I told myself this week that I was going to put myself on a budget. I honestly have never had to put myself on a budget before. However, now that I am going back to school 🙂 I have to think about clamping down on spending.
This starts w/ food…well I have to eat. And I have to eat healthy—I can’t eat Dairy, Gluten or processed sugars. So, Ramen Noodles, cheap frozen meals, pizza, etc. OUT the window if not for my health..but for my waist as well.
So, how do you eat healthy and stay on a budget?
- First: Start with what you have.
- Second: Get some books, look up recipes, get inspired
- Third: Plan of attack
- Four: Shop w/ a list and don’t get distracted
So here’s my grid of what I’ve eaten today (Sunday) until Friday of this week.
I have to admit, I like to cook. So I can throw things together.

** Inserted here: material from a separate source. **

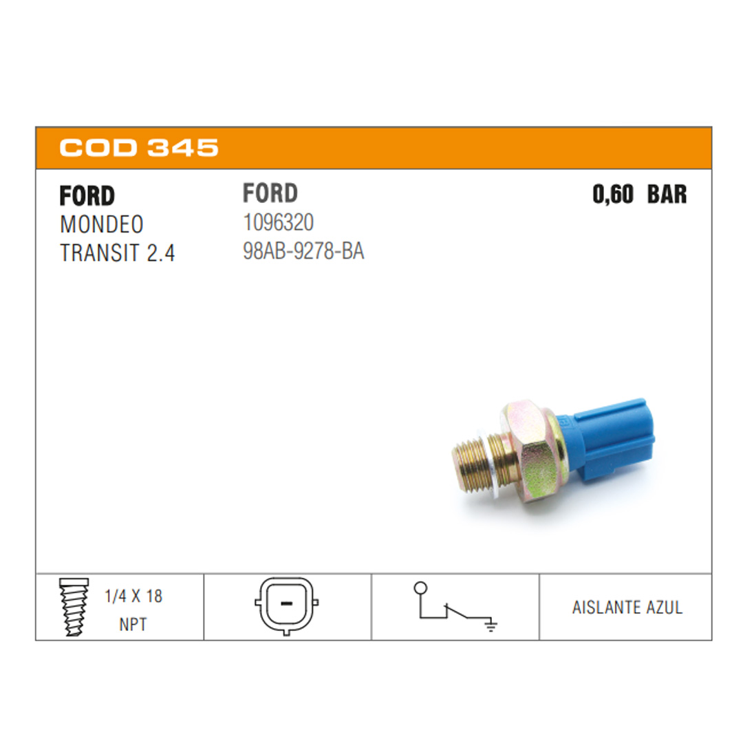Interruptor de stop Interruptor de retromarcha Interruptor de presión de aceite Interruptor de electroventilador Interruptor de puerta Interruptor de corriente Portalamparas Sensores de temperatura de agua Sensores de presión de aceite eléctrico Termoválvulas de comando carburador Sensores de inyección Conector Sensor de Temperatura Termostatos

However, I KNOW that there are some of you who don’t have it that easy and/or don’t know where to begin.
Don’t panic here are some great sites which might help you with recipes:
- My own recipes page — has everything labelled for Dairy/Candida/Veg/Vegan/Gluten Free
- Tasty Kitchen — has gluten, dairy and sugar free tabs
- Allrecipes.com –great place to punch in the ingredients that you have and things you don’t have…then it will crank out all the recipes which you can cook with.
- Dawn @ Menu for the week is a great place to start. You even get a whole weeks worth of menus, awesome!
- FeastontheCheap — GREAT recipes broken down by cost.
- MyRecipes — another great recipe website with tons different categories
Sometimes the hardest thing is to get started. I think that the best thing to do is to do things that you know and then start venturing out. If you haven’t or have loved cooking–don’t try to out do yourself. I think that many times, especially if you’re cooking for other people, it’s more that you’re cooking for them…not about blowing their socks off.
Enjoy planning this week, your food. I love planning food. Let me tell you, I spent about 1/2 as much money this week, because I have things planned out. Not only that, but it means that I only have what I need. Which reduces over-eating and eating when I shouldn’t.
So, what are you going to plan this week?